Auf der Straße merkt man dem Civic die Detailverbesserungen gegenüber dem Fünftürer aus dem Modelljahr 2013 deutlich an. Die Lenkung spricht vor allem kurz nach der Mittellage deutlich spontaner an und macht zudem einen verbindlicheren Eindruck. Im ersten Moment glaubt man, sie wäre schlicht schwergängiger, sobald jedoch in einer Kurve eine Bodenwelle oder ein Schlagloch lauert, spürt man die bessere Rückmeldung. Die zweite Neuerung betrifft die Federn und Dämpfer des Tourer: Dieser ist an der Vorderachse einen Tick straffer abgestimmt als die Limousine, hinten gibt es – für Sport optional, ab Lifestyle serienmäßig – ein adaptives Dämpfersystem, mit dem sich die Hinterachse je nach Wunsch oder Beladungszustand komfortabel, sportlich oder im Allroundmodus abstimmen lässt. Warum nur an der Hinterachse, fragen Sie sich nun?

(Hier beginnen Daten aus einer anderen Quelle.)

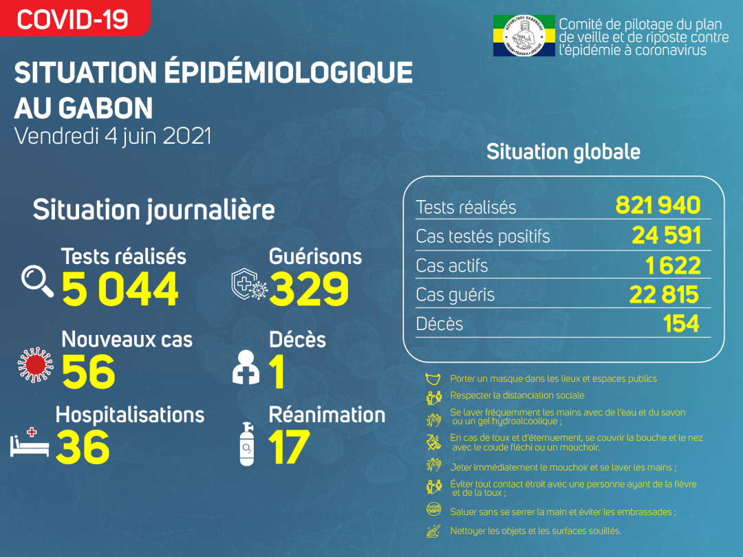 Nous avons enregistré 56 nouveaux cas positifs sur 5 044 tests réalisés, soit un taux de positivité de 1.1%, 36 personnes hospitalisées dont 17 en réanimation pour détresse respiratoire, 329 nouvelles guérisons et 01 nouveau décès à Libreville.

Des Rätsels Lösung: Laut Honda wirkt ein Adaptivsystem dort zu rund 70 Prozent, was im Umkehrschluss bedeutet, dass Honda schlicht auf das ineffektivere Bauteil im Bug verzichtet hat und somit mit halbiertem Aufwand ein dennoch bemerkenswertes Ergebnis erreicht. Schön wäre nur, hätte Honda den Preis ebenfalls bei 70 Prozent angesetzt. Mit 850 Euro ist ADS nämlich nur 130 Euro günstiger als ein vollwertiges System bei Opel. Zum Tragen kommen die Adaptivdämpfer vor allem auf welligen Autobahnabschnitten. Hier brilliert die Komfortfunktion, die grobe Unebenheiten sauber ausbügelt. Die Stunde des Sportmodus schlägt dagegen auf der Landstraße. Dort sprechen die Dämpfer deutlich spontaner an, geben Unebenheiten zwar härter an die Insassen weiter, mildern die Nachwirkungen jedoch souveräner ab. Zudem dreht sich das Heck in schnell durchfahrenen Kurven leicht ein, vermittelt so ein Fahrgefühl sportlichen Übersteuerns – und das in einem Kombi.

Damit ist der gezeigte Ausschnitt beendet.